主治医によるとカニューレを装着する目的は主に気切孔を保つためで、カニューレを外したままにしていると胃瘻同様、自然の治癒力でせっかく開けた気切孔が閉じようとするらしい。しゃべれないストレスから脱したくて、一日も早くスピーチカニューレに交換~退院を熱望し、当初の予定通りレティナ・カニューレをすることとなった。レティナ・カニューレは簡単なワンウェイバルブを装着することにより発話が可能になる。まったく声が出せない一週間を過ごし、耳鼻科の診療室でいよいよスピーチカニューレに交換だ。「第一声はどうする?」「英語しか発せない新キャラクターで行こうか(笑)?」と考えながら診察を待った。ところがカニューレを装着する刺激で咳き込んでしまい、「ゲホゲホ」と私の大きな「第一声」が響き渡った。

 

術後一週間は口からの食事を禁じられ、退院前にはカニューレを装着することにより食道が圧迫されても嚥下機能に影響がないか、歯科医にもなじみのあるVF(嚥下造影検査)も受けた。食事を取り上げられるなんて当時の私にはまっぴら御免だったので、合格することを願いながら真剣に飲み込んだ。その甲斐あって無事に合格。退院するとその足で「合格祝い」の焼肉へと直行し、自己流の焼肉嚥下試験(笑)を行い、嚥下機能に低下のないことを確認して安心した。これで無事、「鼻がのどに移設」された訳だ。

 

まとめ

術後しばらくは積極的に気管切開孔を使うことはなかったのだが、食事の際に誤嚥すると気管切開孔からご飯粒が出てきたり、誤嚥性肺炎を起こした際には気管切開孔からしっかり痰吸引できたことで重症化を防いでくれた。気管切開を受けていなかったらと思うとゾッとする程だ。私は早めに気管切開を受けたが同病患者の中にはなかなか決心がつかずに先延ばししてしまい、命を落とす方もいる。胃瘻造設と異なり、失うモノも多いうえに苦痛を伴う気管切開だが、「人工呼吸器を装着して生きる」決心をしたならば、人工呼吸器の装着時期にとらわれることなく、早めに受けていた方が安心だろう。

 

輪状甲状間膜切開と気管切開の違い

 

緊急時に行われる「輪状甲状間膜(靭帯)切開」と「気管切開」は目的や部位が似通っていることからしばしば混同されているが、私の受けたのは輪状軟骨や甲状腺より下の気管を直接開窓したものだ。

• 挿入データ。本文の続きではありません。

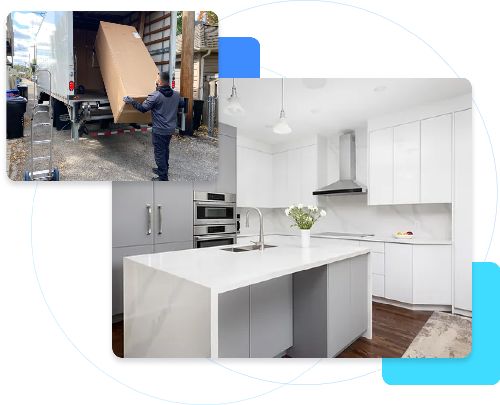 Once you place your order, we custom make your cabinets in our state-of-the-art facility according to your design & measurements. Once your cabinets are built, they are pre-assembled, wrapped, and delivered right to your front door or project site. You are ready for installation!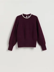 Reserved - Sweter z aplikacją - ciemnofioletowy

我々の歯科領域でも「印象材を喉に詰まらせて窒息」という可能性もゼロではないので、一刻を争う窒息という緊急時にはエアウェイ確保のために自信をもって「輪状甲状間膜(靭帯) 穿刺・切開」が行える様、研鑽を積んでおくべきだろう。そう言う当の本人は全く自信がないが・・・(笑)

(つづく)

※本連載は歯科医向けの連載ですので専門用語を含みます。